The SXSW Foolish Virgins were canaries singing the digital age. Several keynoters -- Doug Rushkoff, Danah Boyd, Clay Shirky and Jaron Lanier--had been hearing canaries for awhile; at SXSW they tried to warn their audiences. For such different individuals, remarkably they have made similar journeys, from a vaunted (and undoubtedly justified) pride in building something that seemed at first to have such utopian possibilities to a realization of the consequences and price of the gift of Internet. For Rushkoff, it is the belated realization that the structure of programming shapes the meaning of content. For Boyd and Lanier, it is the loss of privacy and the ways in which we, especially the younger crowd, unwittingly squander it online. For Shirky, it is the plummeting value of work product in the new Internet world of abundance.

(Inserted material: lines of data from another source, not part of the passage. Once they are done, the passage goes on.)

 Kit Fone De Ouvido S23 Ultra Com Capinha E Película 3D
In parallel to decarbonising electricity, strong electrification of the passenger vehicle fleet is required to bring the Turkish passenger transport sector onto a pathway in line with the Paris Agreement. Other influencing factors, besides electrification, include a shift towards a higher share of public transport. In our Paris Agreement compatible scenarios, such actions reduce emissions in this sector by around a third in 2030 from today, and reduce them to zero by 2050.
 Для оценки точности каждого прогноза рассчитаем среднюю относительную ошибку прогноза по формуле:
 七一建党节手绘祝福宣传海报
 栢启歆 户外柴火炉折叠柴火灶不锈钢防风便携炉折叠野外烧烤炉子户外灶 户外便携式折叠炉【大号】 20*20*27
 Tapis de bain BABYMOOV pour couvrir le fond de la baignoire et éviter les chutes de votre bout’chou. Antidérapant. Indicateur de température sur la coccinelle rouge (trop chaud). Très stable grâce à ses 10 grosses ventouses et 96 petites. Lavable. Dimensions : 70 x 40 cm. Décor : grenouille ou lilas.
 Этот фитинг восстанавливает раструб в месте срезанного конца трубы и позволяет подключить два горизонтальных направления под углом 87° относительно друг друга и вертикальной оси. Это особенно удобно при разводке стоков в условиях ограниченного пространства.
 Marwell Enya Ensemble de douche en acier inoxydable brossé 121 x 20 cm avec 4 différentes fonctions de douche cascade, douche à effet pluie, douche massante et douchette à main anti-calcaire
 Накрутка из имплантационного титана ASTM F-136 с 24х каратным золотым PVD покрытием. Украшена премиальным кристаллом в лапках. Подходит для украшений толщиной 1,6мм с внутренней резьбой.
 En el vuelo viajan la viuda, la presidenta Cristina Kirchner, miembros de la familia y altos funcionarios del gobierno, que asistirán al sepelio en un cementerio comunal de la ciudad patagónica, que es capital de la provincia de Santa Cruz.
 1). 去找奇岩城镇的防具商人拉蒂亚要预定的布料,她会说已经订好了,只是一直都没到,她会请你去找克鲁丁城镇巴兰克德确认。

The reaction of the Southwesters to the keynoters dramatized the ongoing struggle to relinquish the idea that such a wonderful and beloved object as the Internet is both a tool to be handled with care and a portal to be crossed at risk. How many attendees heard the cautionary notes? Even as the latest gadgets and widgets catch our eye and we easily abandon the old for the new, our minds resist change and challenge. The canary here was more the dog that did not bark. There was an intimation of real news at SXSW Interactive on Friday, when Kaiser Kuo said (essentially--not an exact quote) that Google would stay in China when pigs began to fly. He proffered this observation as an inexorable consequence to Google's misapprehension of Chinese culture and the Chinese government's determination that society change slowly, implementing that determination by "using quiescence to control action." Kuo put forward a Chinese view of the balance between free speech and censorship that his audience had trouble wrapping their minds around -- apparently -- because Kuo's warning seems never to have made its way out of Austin Convention Center Exhibit Hall D.

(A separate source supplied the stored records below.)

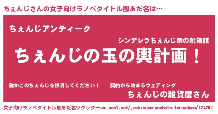 | 男性向けラノベタイトル風あだ名 | 『ちぇんじ~年齢イコール彼女いない歴の魔法使い~』 |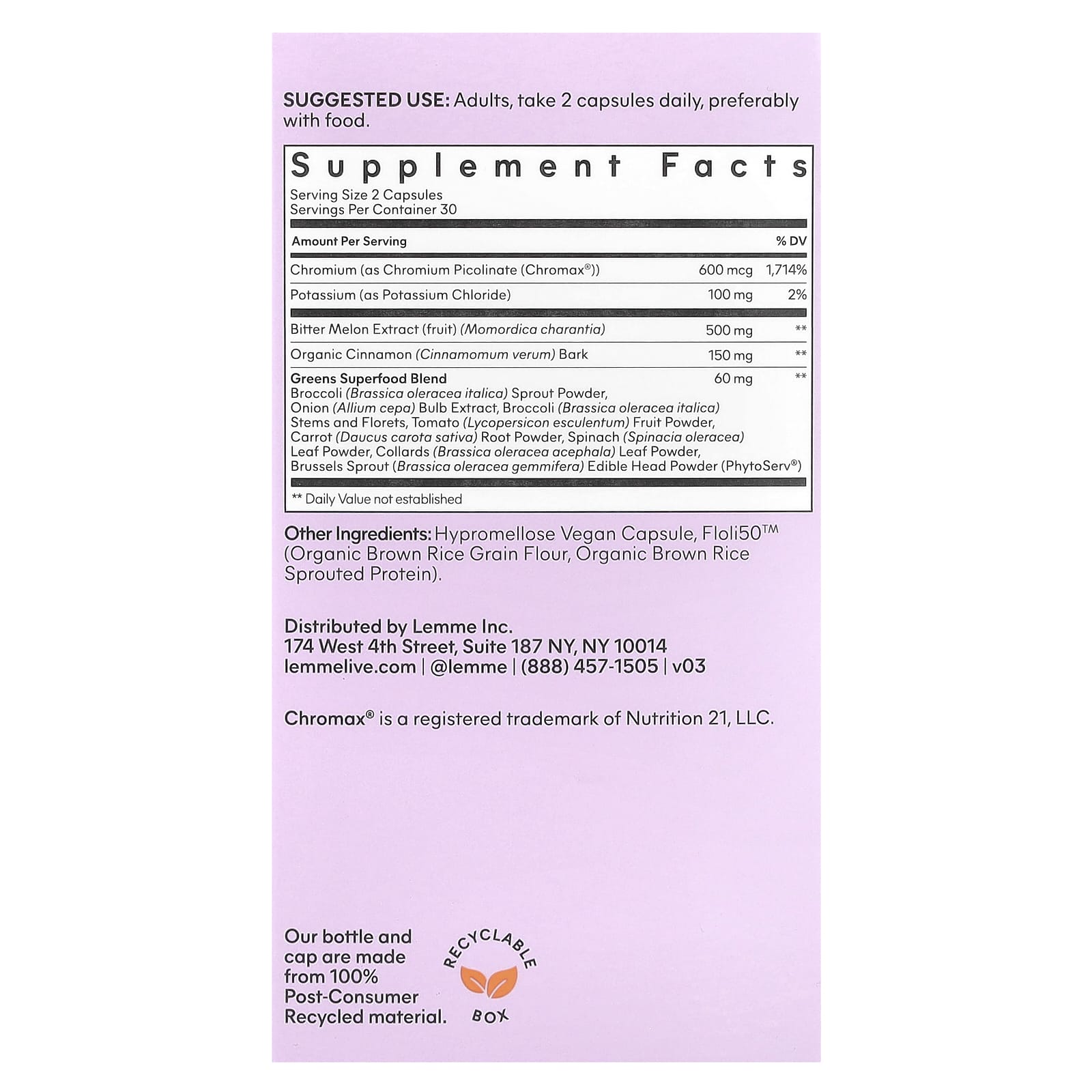 Управляйте своей жаждой и поддерживайте здоровый уровень сахара в крови † с помощью клинически изученного хрома, горькой дыни, корицы и смеси суперпродуктов с зеленью.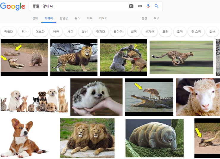 여기서 검색창에 '-강아지'를 입력해보겠습니다.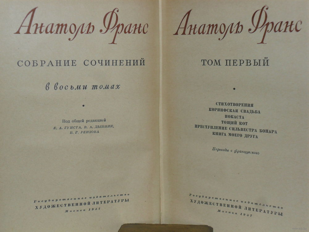 Содержание: Том 1 – Стихотворения. Коринфская свадьба. Иокаста. «Тощий кот». Преступление Сильвестра Бонара. Книга моего друга (Книга Пьера. Книга Сюзанны). Том 2 – Валтасар (Валтасар. Резеда господина кюре. Господин Пижоно. Дочь Лилит. Лета Ацилия. Красное яйцо. Пчелка). Таис. Харчевня королевы Гусиные Лапы. Суждения господина Жерома Куаньяра. Перламутровый ларец (Прокуратор Иудеи. Аминус и Целестин. Легенда о святых Оливерии и Либеретте. Святая Евфросиния. Схоластика. Жонглер богоматери. Обедня теней. Лесли Вуд. Гестас. Записки сельского врача. Записки волонтера. Рассвет. Госпожа де Люзи. Дарованная смерть. Эпизод из времен флореаля II года республики. Оловянный солдатик. Обыск). Том 3 – Красная лилия. Сад Эпикура. Колодезь святой Клары. Пьер Нозьер. Клио (Кимейский певец. Комм, вождь атребатов. Фарината дельи Уберти, или Гражданская война. Король пьет. «Мюирон»). Том 4 – Современная история: Под городскими вязами. Ивовый манекен. Аметистовый перстень. Господин Бержере в Париже. Том 5 – Театральная история. Кренкебиль, Пютуа, Рике и много других полезных рассказов (Кренкебиль. Пютуа. Рике. Мысли Рике. Галстук. Большие маневры в Монтиле. Эмиль. Адрианна Бюке. Гемма. Синьора Кьяра. Непокупные судьи. Христос океана. Жан Марто. Господин Тома. Домашняя кража. Эдме, или Удачно поданная милостыня). Пьесы (Чем черт не шутит. Кренкебиль. Ивовый манекен. Комедия о человеке, который женился на немой). На белом камне.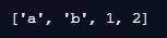 b = ["a", "b", 1, 2] print(b) print('\n')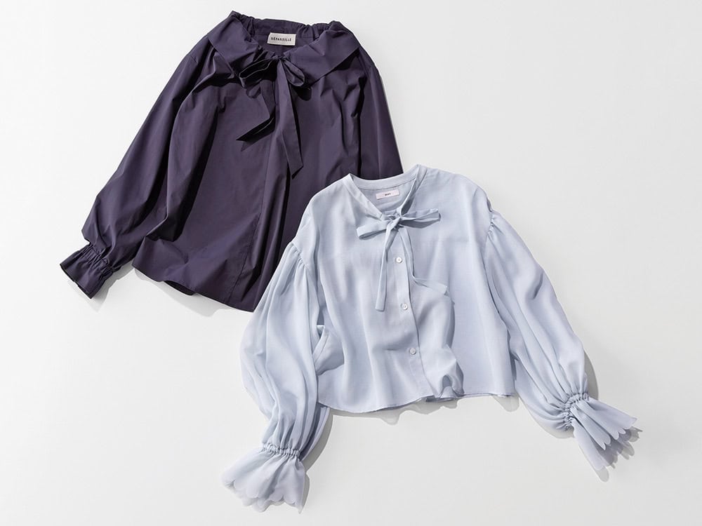 細タイブラウス(ネイビー)¥29,700(デパリエ/デパリエ 伊勢丹新宿店)細タイブラウス(サックス)¥27,500(yori)

Probably I caught the SXSW Interactive at its peak: brigades of Brits testified to that. And I had a lot of fun. But I couldn't help but wonder how soon the new Austin will be planted in Bahia or Bangalore. The creak of infrastructure and the assumptions we bring to technology that are culturally embedded in us but not in Internet itself sang to me. Oh, canaries!

Sometimes it's terrible to be not only middle-aged but also a curmudgeon.